И наконец, несколько страниц занимают мысли воронежских педагогов о наказаниях. Читая их, вспоминаешь все истории в Тамбовском и Воронежском корпусах, доложенные воспитательными комитетами Главному управлению военно-учебных заведений: «Лишение лакомого третьего блюда может подействовать только на малыша, но смешно для подростка»; напротив, снятие погон и замена зеленой куртки на серую заставит переживать 13»—14-летнего. Частое лишение двух блюд вредно развивающемуся организму, а стояние у барабана, вынесение фамилии на черную доску и изоляция в карцере переносятся по-разному и могут привести к результатам прямо противоположным — озлоблению, протесту.

Розги же, как считают авторы «Записки», применять можно в очень редких случаях, когда все меры уже приняты и когда воспитатель уверен, что «они ударят не столько по спине, сколько по самолюбию, и воспитанник исправится. До 12–13 лет розги — физическое наказание, «а позже — позорящее». «Иногда же одно ласковое слово может заменить любое наказание».
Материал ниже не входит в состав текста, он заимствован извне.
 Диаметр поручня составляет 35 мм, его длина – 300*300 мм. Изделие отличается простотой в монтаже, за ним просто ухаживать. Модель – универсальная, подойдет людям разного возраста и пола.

«Наказания должны иметь исключительно исправительный характер, а отнюдь не мстительный и не карательный, то есть наказывать можно тогда, когда заведение рассчитывает исправить воспитанника. Если заведение не имеет такой надежды, то ему ничего не остается более, как отказаться от воспитания».
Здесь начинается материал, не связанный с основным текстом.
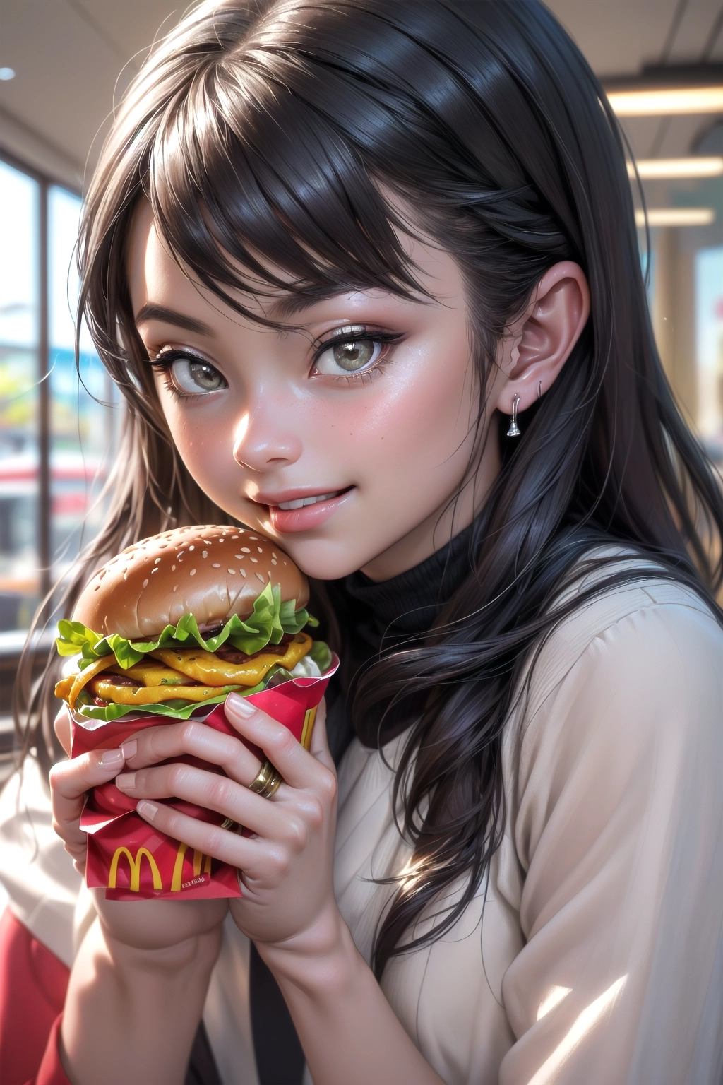 eating a hamburger at McDonald's

Читая «Записку», чувствуешь, что педагоги Воронежского корпуса были знакомы с работами К. Ушинского, опубликованными в «Педагогическом сборнике», который получал Воронежский корпус. Сходство мыслей бросается в глаза. Эти взгляды стал исповедовать и взрослый Лодыгин.

«…у каждого ребенка потребность творчества есть одна из главных потребностей, — пишет 60-летний Александр Николаевич, мысля в унисон со своими воронежскими учителями. — Он посвящает удовлетворению ея все время, свободное от еды и сна. Отнимите у него свободу творчества, и он делается нервным, капризным, несчастным… Только благодаря необыкновенно искусно приспособленной системе обучения и воспитания… русских учебных заведений, он доводится в конце концов до полной потери этой потребности и даже способности…»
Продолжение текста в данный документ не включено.